On Friday, UND's housing office reported a fluid number of 3,181 students in the residence halls, which can hold a maximum of 3,200. At one point, the university had a waiting list with 21 men on it, but has since been able to accommodate the requests, Spencer said.

While no enrollment numbers are available yet -- the figure will be released Wednesday, and the official tally taken four weeks from now -- UND spokesman Peter Johnson said the figures are positive.

"We're looking at a very large number of incoming students, as well as returning students," he said.

At North Dakota State University in Fargo, residence hall overflow amounted to around 20 female freshmen, said Rian Nostrum, director of residence life. The campus' reported enrollment last year was 14,399.


All upperclassmen have been accommodated, and that's a very small number compared to most years, he said. The university built a new batch of about 150 student apartments two years ago.

"We're actually in really good shape this year," he said.

New practices

By Monday, 15 rooms on UND's campus designed for three students -- but normally housing two -- were full. Campus administration had started planning for the increase last November, and decided to change its room occupancy policy this year to accommodate students.

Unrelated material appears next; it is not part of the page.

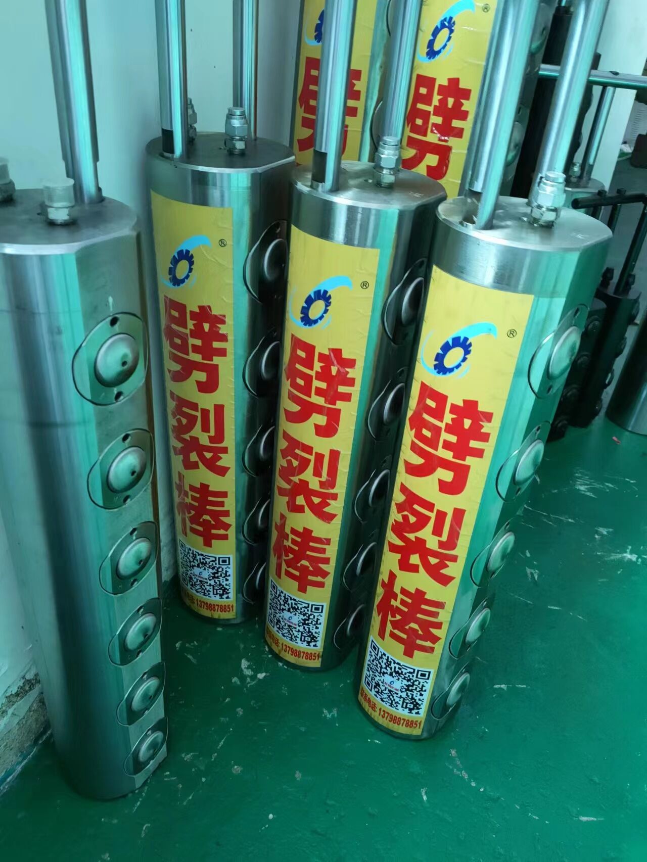 液壓柱塞式棒原理及組成液壓柱塞式棒主要由液壓泵站和劈裂器(棒)兩部分組成。120-150MP超高壓油泵站輸出的高壓油驅(qū)動(dòng)油缸產(chǎn)生巨大推動(dòng)力(1300-1500噸),并推動(dòng)劈裂棒上的活動(dòng)活塞向外運(yùn)動(dòng),從而使活塞產(chǎn)生的作用力作用于被體孔壁,巖石在巨大的作用力下按預(yù)定方向裂開。

"We were hearing that they wouldn't be able to come to the university," said Spencer. "We were also working with some students who were only 17, and those students wouldn't be eligible to sign a lease. We were really asking how we can better accommodate those who have been accepted to UND, and how we can give them the best housing."

In another recent change with the growing enrollment, campus administration is no longer guaranteeing housing, which it did since at least the early '80s.

"That's something we had to re-evaluate, basically," said Sergent.

Housing shortages are not new to UND. Sergent, who has worked at UND for about 30 years, said special circumstances like the Flood of 1997 have affected availability, as has the impact of Grand Forks Air Force Base.


"It goes in cycles," she said. "It's just an upswing. Enrollment, we're assuming, will be up from what it was last year, so the housing situation obviously follows that."

Leben is now staying in the basement of a friend here he met through an international running group. Although the space is small -- they're living in a house converted into apartments -- he's grateful and plans to stay there the remainder of the year, he said.

"It worked out pretty well," he said.

Sergent said their office recommends incoming students apply for campus apartments six months early, as the supply becomes available in May and the demand is strongest in August.